*Please excuse the length of this post. I’ll edit it into sections some day and also include pictures but with communications currently so difficult I wanted to get an accurate picture of the situation out there ASAP.
Sunday
I’m not sure where to even start. I’m pretty sure it’s still September but I no longer have a concept of the day or date.
The drama all started about three weeks ago when we heard the first reports of hurricane Irma forming in the Atlantic. There was coverage that she was to be one of the biggest hurricanes in a century that it was likely to impact Puerto Rico. I was pretty calm about it all. There have been tropical storm and hurricane warnings in the past two years but all moved and came to nothing and I was sure that Irma would do the same.
A few days passed and I watched the locals start to prepare and get ready and I knew it was time that we did the same. Non perishable food, water, gas for BBQ grills, gas for your car, cash, batteries, candles etc. We don’t have a generator at our house and there was news reports that the power could be gone for months and I was a little panicky but I didn’t know what to expect so I concentrated on securing the house. We had the roof checked for leaks and made sure the pipes were clean of leaves, brought in the patio furniture, taped down all our mosquito screens to make them as secure as possible and taped our windows with big X’s in case of glass shatter. We were ready. We watched and waited and Irma started to move north so we knew that Puerto Rico would be spared the worst of this one but still expected sustained winds of 100mph. Lots of our friends, particularly those from the US left. Afraid of horror stories of looting post hurricane, the potential damage to homes and the lack of utilities and supplies on the other side. We were going to stick it out. I felt confident that we lived in a concreate house with a secure roof and that we would be totally fine.

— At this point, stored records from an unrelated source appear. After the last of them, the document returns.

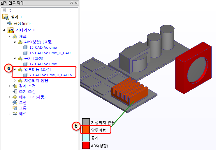 7. 알루미늄 재료를 제대로 지정했는지 확인하려면 설계 연구 막대와 부품 색상을 확인합니다.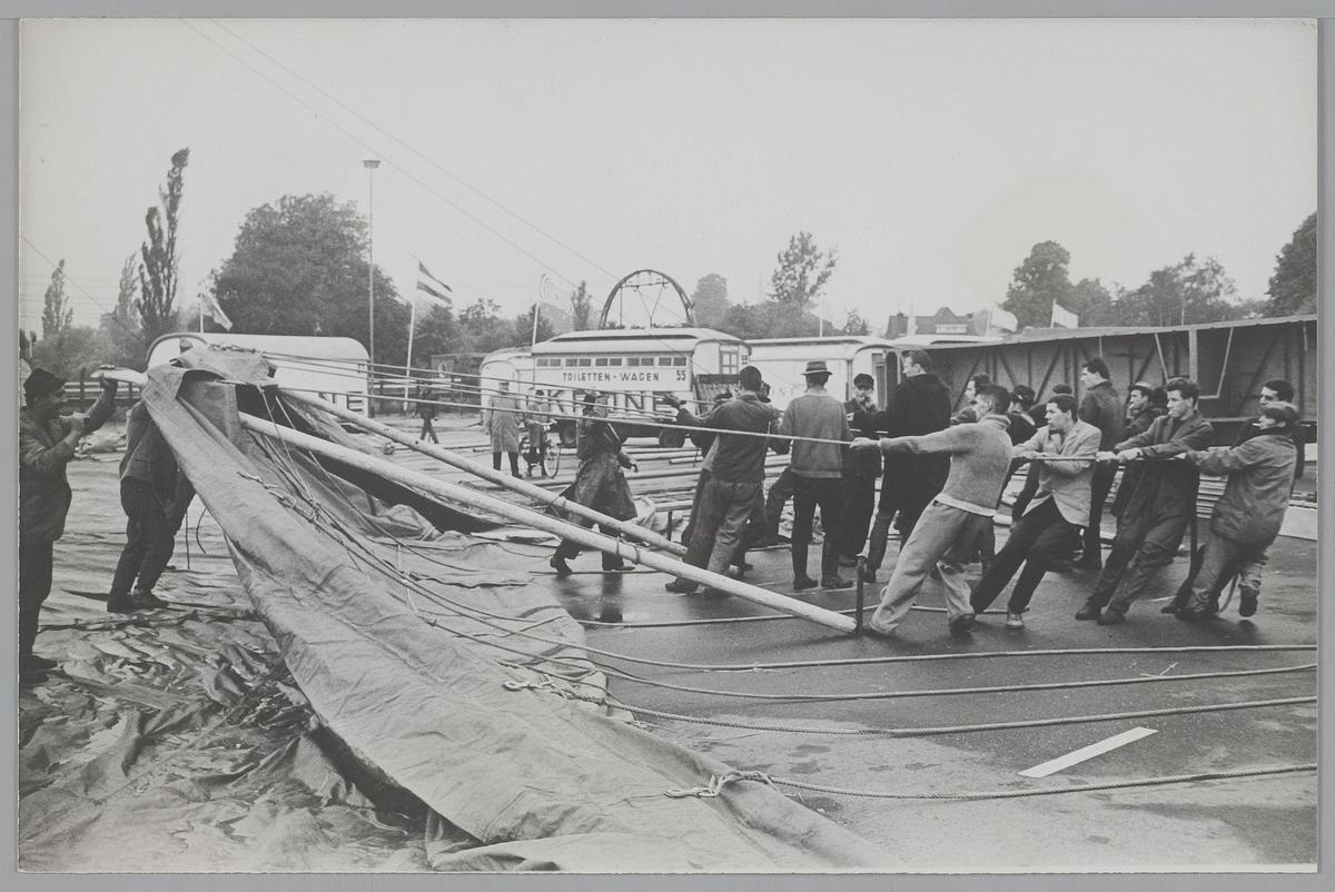 Opbouw Circus Krone in Hilversum. 20 juni 1963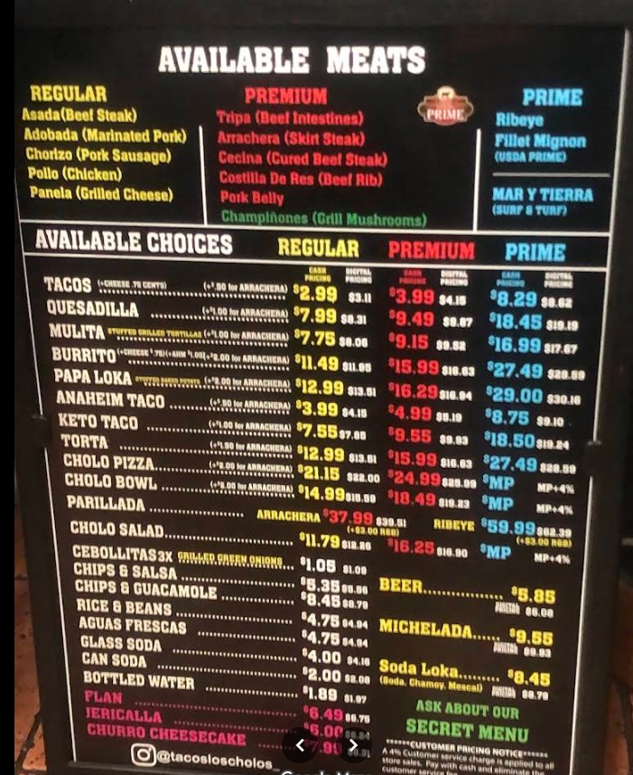 Lets cut to the chase — the food at Tacos Los Cholos is crazy good. We ordered asada, pollo and adobada tacos and stacked them up with onion, cilantro and salsas from the salsa bar. All the tacos were awesome, but the real standout was the rice and beans. It's such a simple dish, but done right. The aguas de sandia and piña were refreshing and on point too. Prices can get expensive if you only order the "premium" or "prime" items. Cash is king and will also save you some money. The place looks kind of ragged, but I think that's the look they're going for. There was an armed guard standing by the door. I don't know if this place gets rowdy at night, but everyone was chill around noon Parking can be a pain. It was semi clean (due LOTS of people) and the staff were friendly.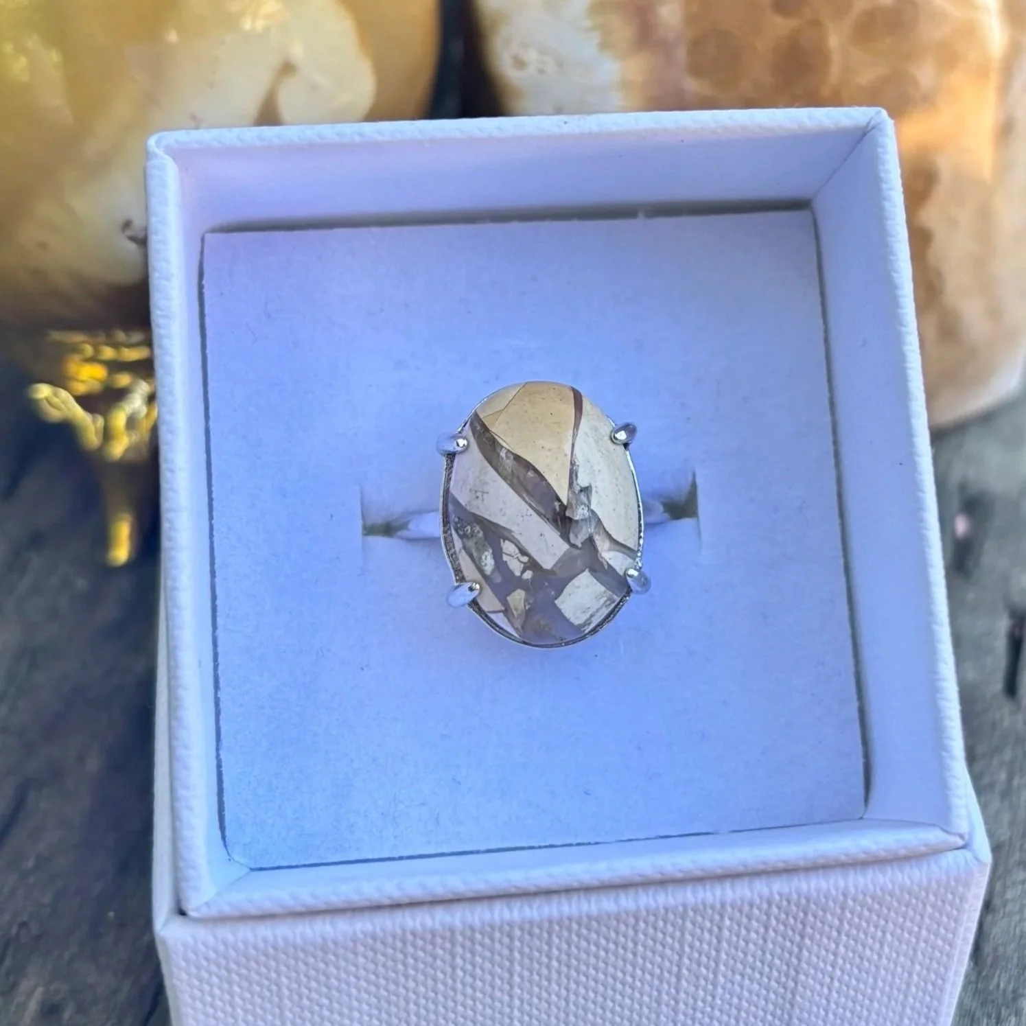 The colour, pattern, and vibration of each one carry something of the earth they came from. My role is to honour that, hand-setting intentionally and individually chosen stones in a way that keeps the design simple and allows their natural beauty to remain the focus.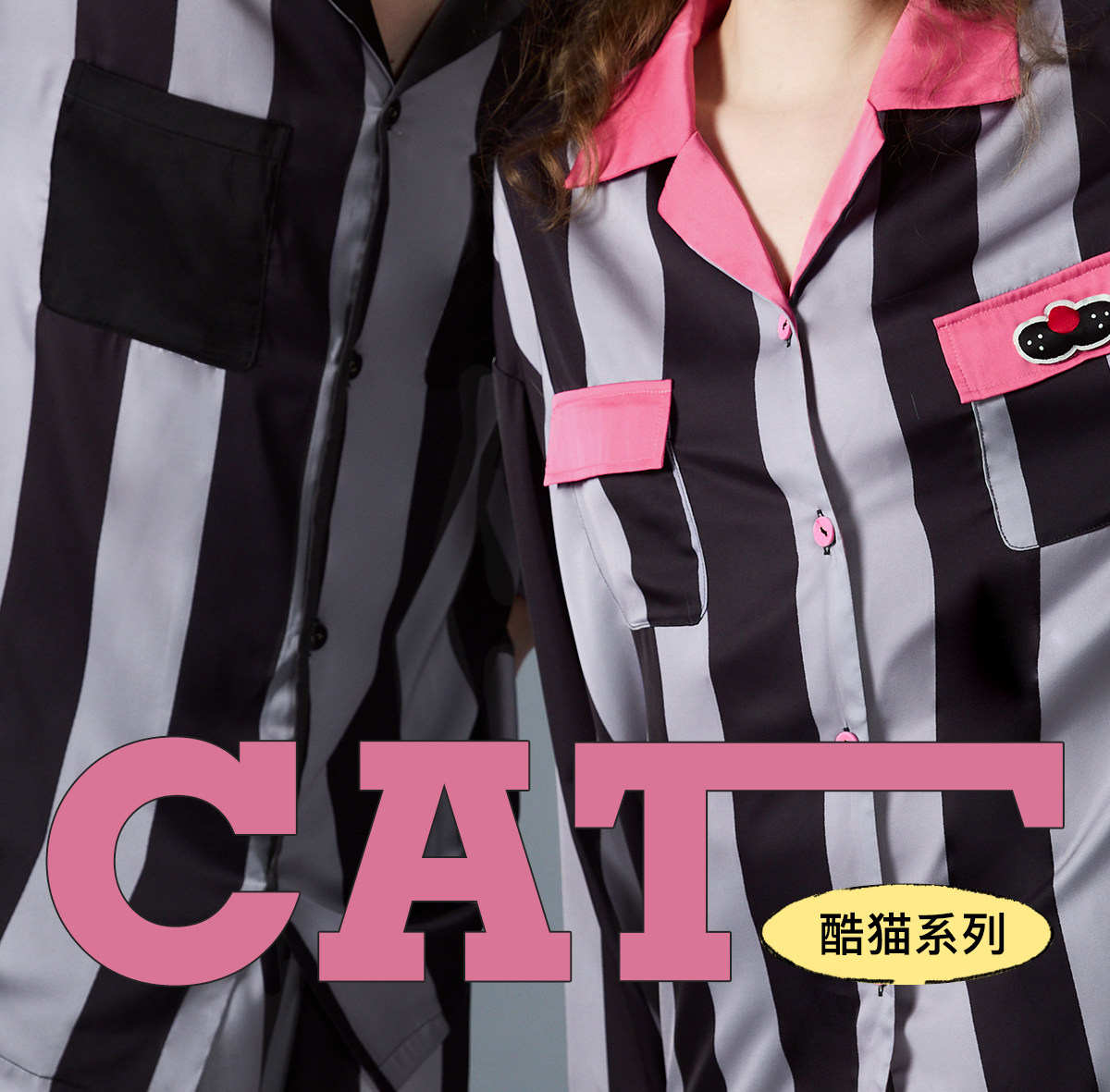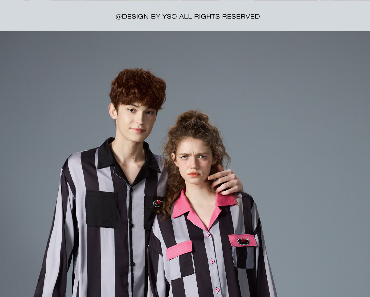 yso【酷猫系列】春秋情侣睡衣套装条纹男女高级感可外穿家居服A
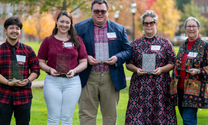 Bud Harrelson '99、Jonathan Shutt '05、Ket Cordova '23、英語教授 Kathy Lyday 和藝術史教授 Kirstin Ringelberg 于周六在 McKinnon Hall 舉行的 LGBTQIA 校友網(wǎng)絡社區(qū)豐富獎早午餐期間獲得表彰,作為 Homecoming & Reunion 的一部分周末慶祝活動。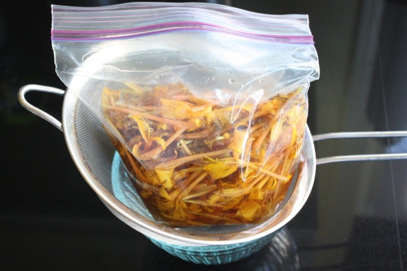 - Place blossoms in a ziplock bag and cover completely with the 5 1/3 cups of cold water; seal, ensuring all petals are immersed in water and leave overnight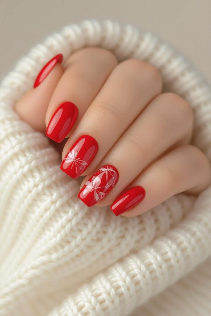 A glossy red base frames one accent nail featuring a simple red flower bloom with black outlines on a white background β clean, sweet, and full of autumn energy. The look is bold without being overwhelming, perfect for those who love festive fun with minimal effort.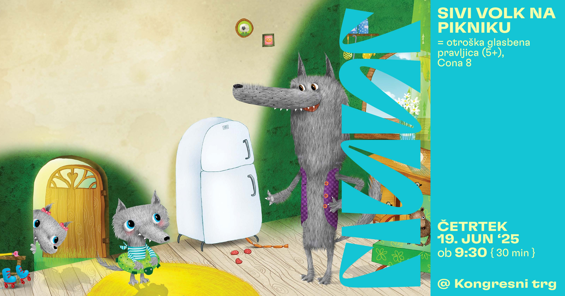 Sivi volk na pikniku je uspešna slikanica priznane slovenske pisateljice otroških knjig Helene Kraljič. Slikanica razpihne vnaprejšnje sodbe in odpre oko za sleherno bitje v njegovi edinstvenosti. Klavir in saksofon, ki mehko dopolnita glas, zarišeta ravno prav dramatično vzdušje, kajti volk si obupano prizadeva poiskati prijatelja. Ga nemara najde med mladim občinstvom?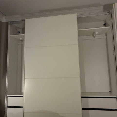 Garderoben är redan nedmonterad och klar att hämtas, vilket gör transporten enkel.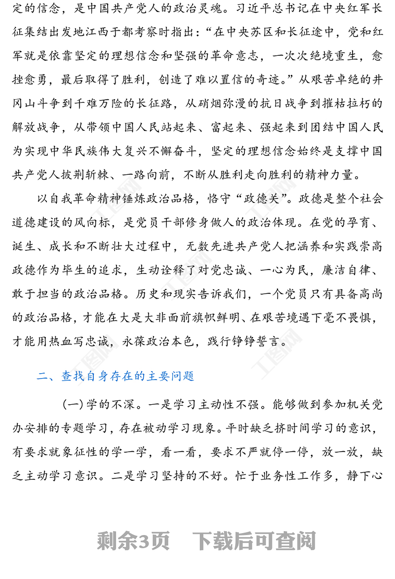 工圖網提供黨史學習教育專題組織生活會發言材料供會員免費下載。更多精彩黨課PPT素材,盡在工圖網。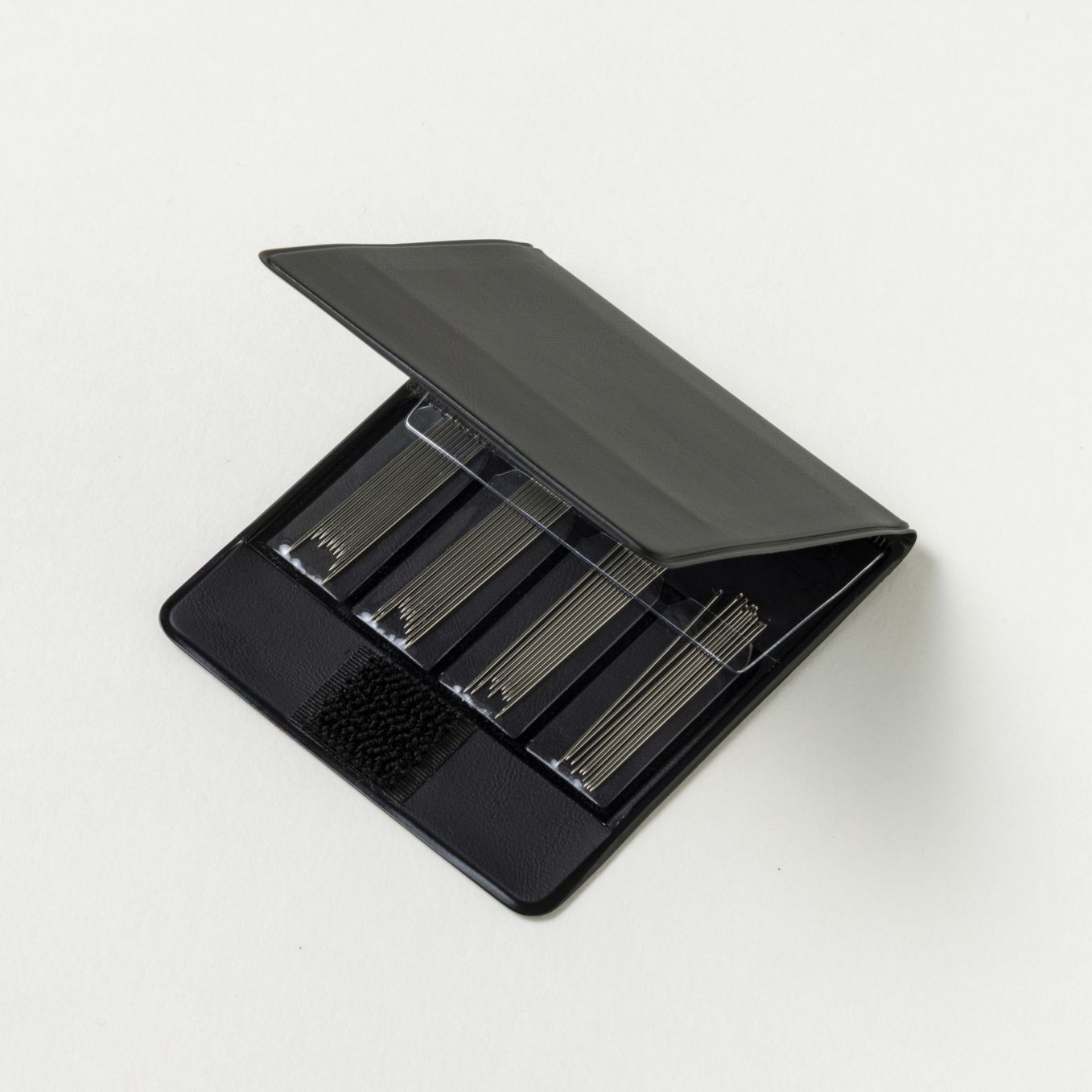 ケース内部に予備の針や、一時保管に便利なサブポケットを備えています。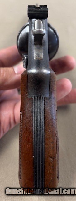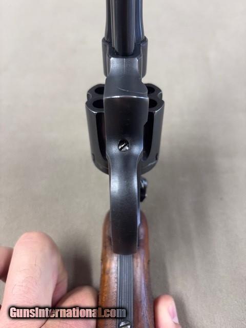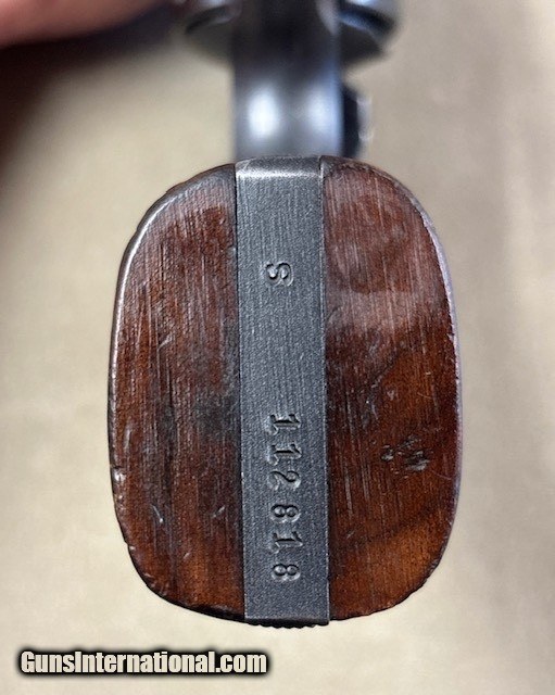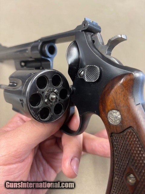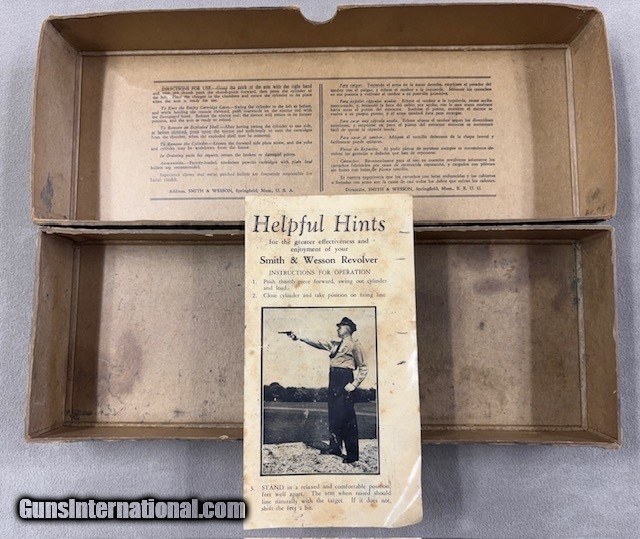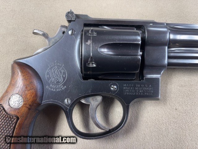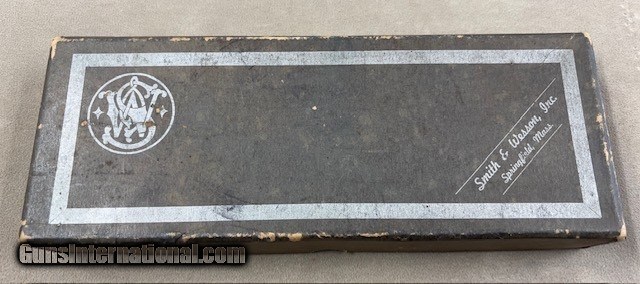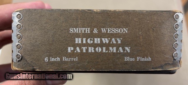 An excellent original condition Smith & Wesson 5 screw Pre Model 28, commonly referred to as a Highway Patrolman, with a 6 inch barrel in .357 Magnum caliber. Revolver is the 5 screw version and has the original and factory diamond checkered magna grips. In addition we have the original S&W box with helpful hints for enjoying your S&W Revolver. About 98% overall condition with a perfect bore and chambers. S prefix serial number. Box shows a bit of exterior fading but is correct.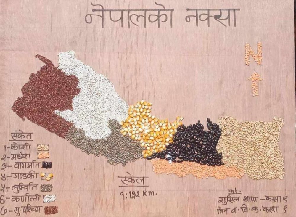 गुल्मी, माघ ६ गते । गुल्मीका विद्यार्थीले स्थानीय स्तरमा पाइने दलहन र खाद्यान्न बालीको दाना प्रयोग गरी आकर्षक नेपालको नक्सा बनाएका छन् । जिल्लामा पाइने रैथाने बाली अन्तर्गत धान, मकै, गहुँ, कोदो, कालो सिमी र भाँगोको दाना प्रयोग गरी नक्सा तयार पारेका हुन् ।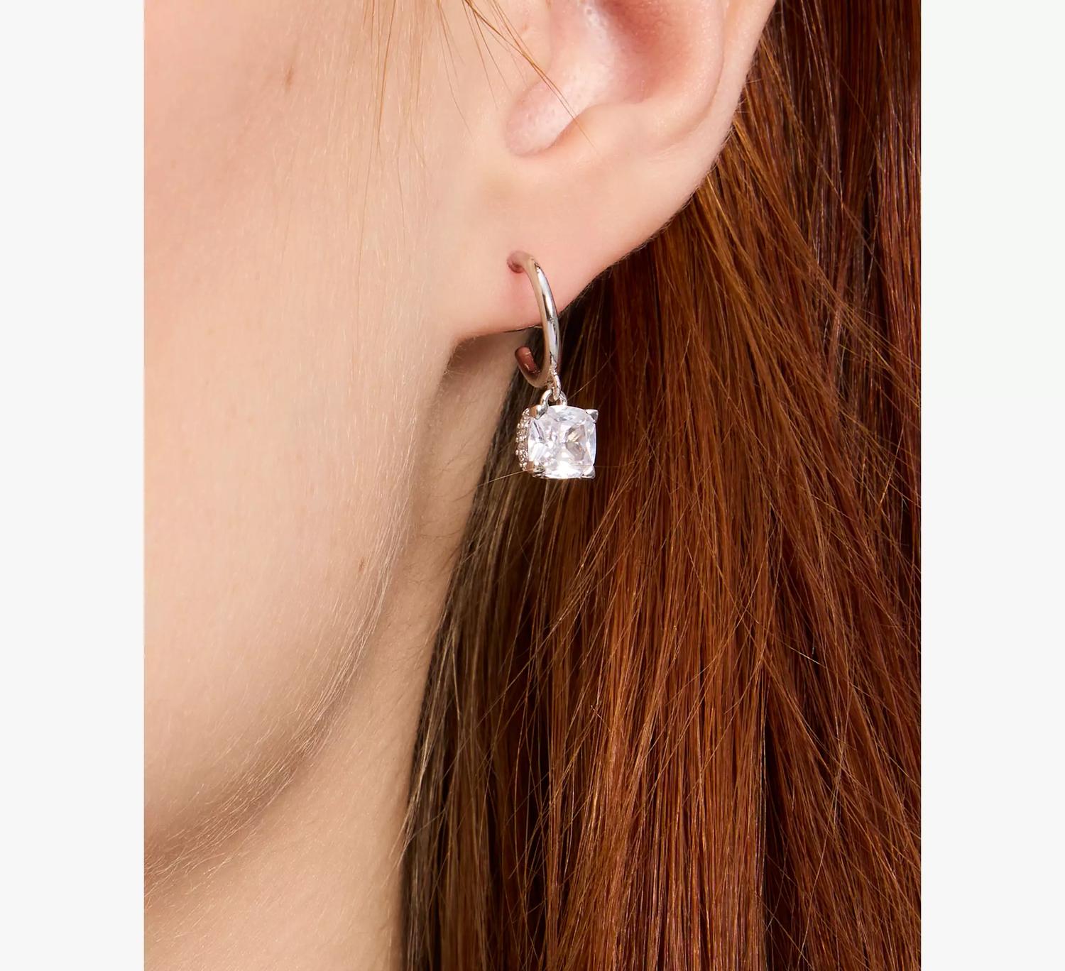 Easy and elegant earrings to complement any outfit. Embrace elegance with the Little Luxuries 6mm Square Huggies by Kate Spade, a stunning addition to your jewelry collection. Crafted from plated metal and adorned with radiant-shaped cubic zirconia, these earrings gleam in a sophisticated silver finish. Measuring at 0.8" in length and 0.25" in width, they feature signature spade ear clutch backs for secure wear. These fashion earrings seamlessly blend luxury and style for any occasion.

She was due to hit on a Wednesday and we waited for her arrival. We were a bit jumpy and each time the winds picked up we watched outside and were prepared for the worst. Irma thankfully spared our little island without too much damage. There was a lot of trees down, but all in all we were pretty lucky. We had utilities back in 2-5 days in most places across the island and things were so much better than anticipated. Her winds while strong, felt like a very bad and windy day in Ireland and it didn’t really feel like a hurricane. In hindsight, she was just preparing us and we had only experience a category 1 hurricane.
We started to turn our attention to the other islands and those that weren’t so lucky. The British Virgin Isles, The US Virgin Isles and other were badly effected. We gave away all our hurricane supplies, organised collections for essential items to be distributed and Puerto Rico became a hub for aid and refugees who needed medical assistance or to evacuate. Shelters were set up, donations purchased and we all wanted to help those that had lost. Puerto Rico gave away a third of its emergency supplies. We watched the devastation on the other islands and felt so grateful that Puerto Rico had been spared the worst. 80 people lost their homes on the island and 3 people died. On an island of almost 4 million people that didn’t seem like bad statistics. We had been very lucky and appreciated what we had.
Life started to return to normal. School continued, restaurants re opened and everything went back to how it should be. People started to come back from the US.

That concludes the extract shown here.